EGO-1, a putative RNA-dependent RNA polymerase, is required for heterochromatin assembly on unpaired DNA during C-elegans meiosis

During meiosis in C. elegans, unpaired chromosomes and chromosomal regions accumulate high levels of histone H3 lysine 9 dimethylation (H3K9me2), a modification associated with facultative heterochromatin assembly and the resulting transcriptional silencing [1, 2]. Meiotic silencing of unpaired DNA may be a widely conserved genome defense mechanism [3-5]. The mechanisms of meiotic silencing remain unclear, although both transcriptional and posttranscriptional processes are implicated [3-5]. Cellular RNA-dependent RNA polymerases (RdRPs) function in development and RNA-mediated silencing in many species [3,6, 7] and in heterochromatin assembly in S. pombe [3, 8]. There are four C. elegans RdRPs, including two with known germline functions.

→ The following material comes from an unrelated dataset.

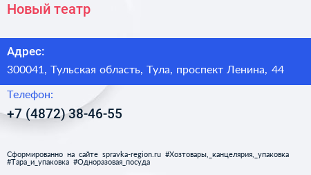 Новый театр по адресу 300041, Тульская область, Тула, проспект Ленина, 44 в дальнейшем Организация, размещена в следующих категориях: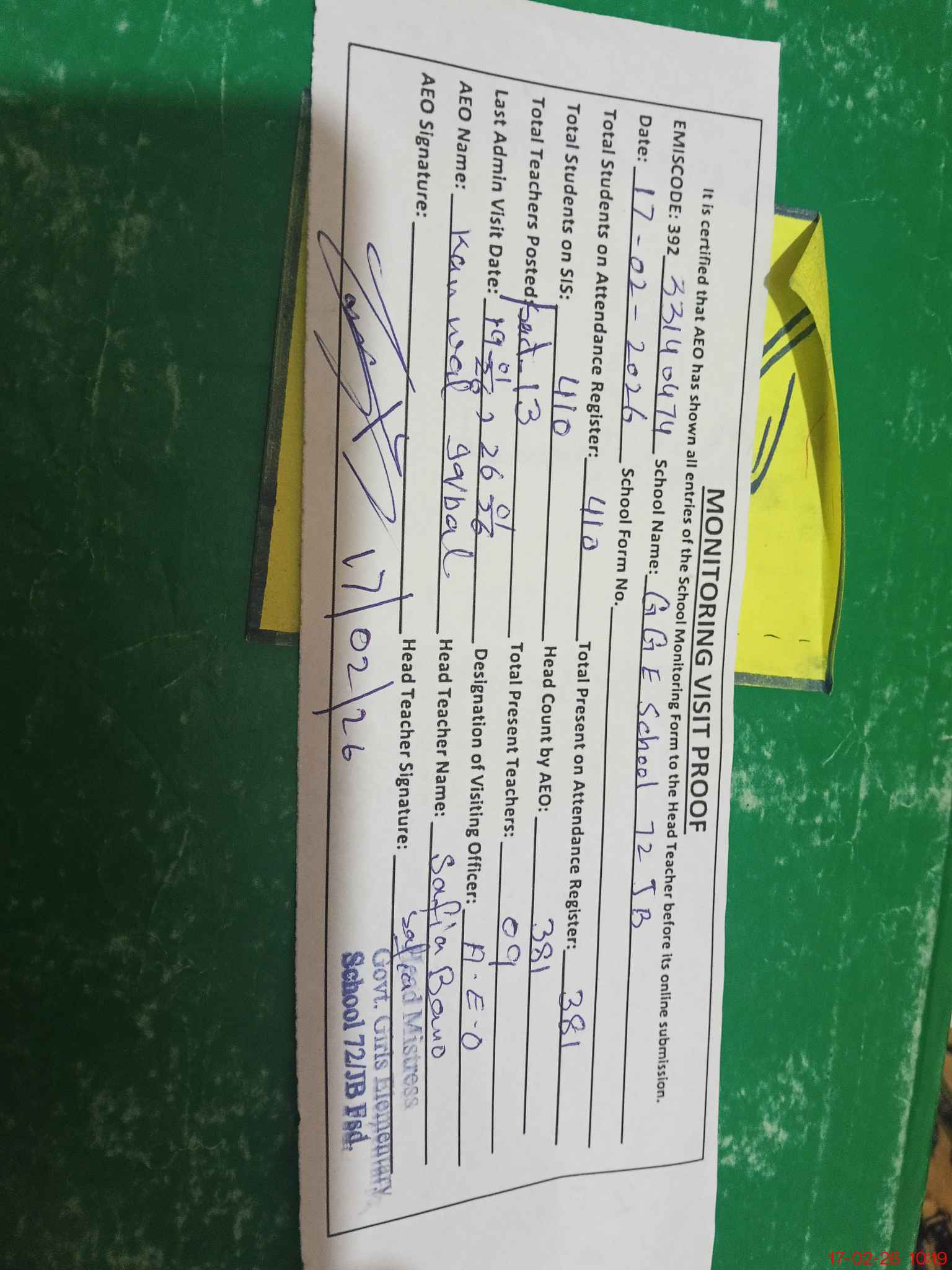 | EMIS Code: 33140474 | Name of School: GGES CHAK NO 72 JB | |||

EGO-1 is required for fertility and robust germline RNAi [9-11]. RRF-3 acts genetically to repress RNAi and is required for normal meiosis and spermatogenesis at elevated temperatures [12] (S. L'Hernault, personal communication). Among C. elegans RdRPs, we find that only EGO-1 is required for H3K9me2 enrichment on unpaired chromosomal regions during meiosis. This H3K9me2 enrichment does not require Dicer or Drosha nuclease or any of several other proteins required for RNAi. ego-1 interacts genetically with him-17, another regulator of chromatin and meiosis [13], to promote germline development. We conclude that EGO-1 is an essential component of meiotic silencing in C. elegans.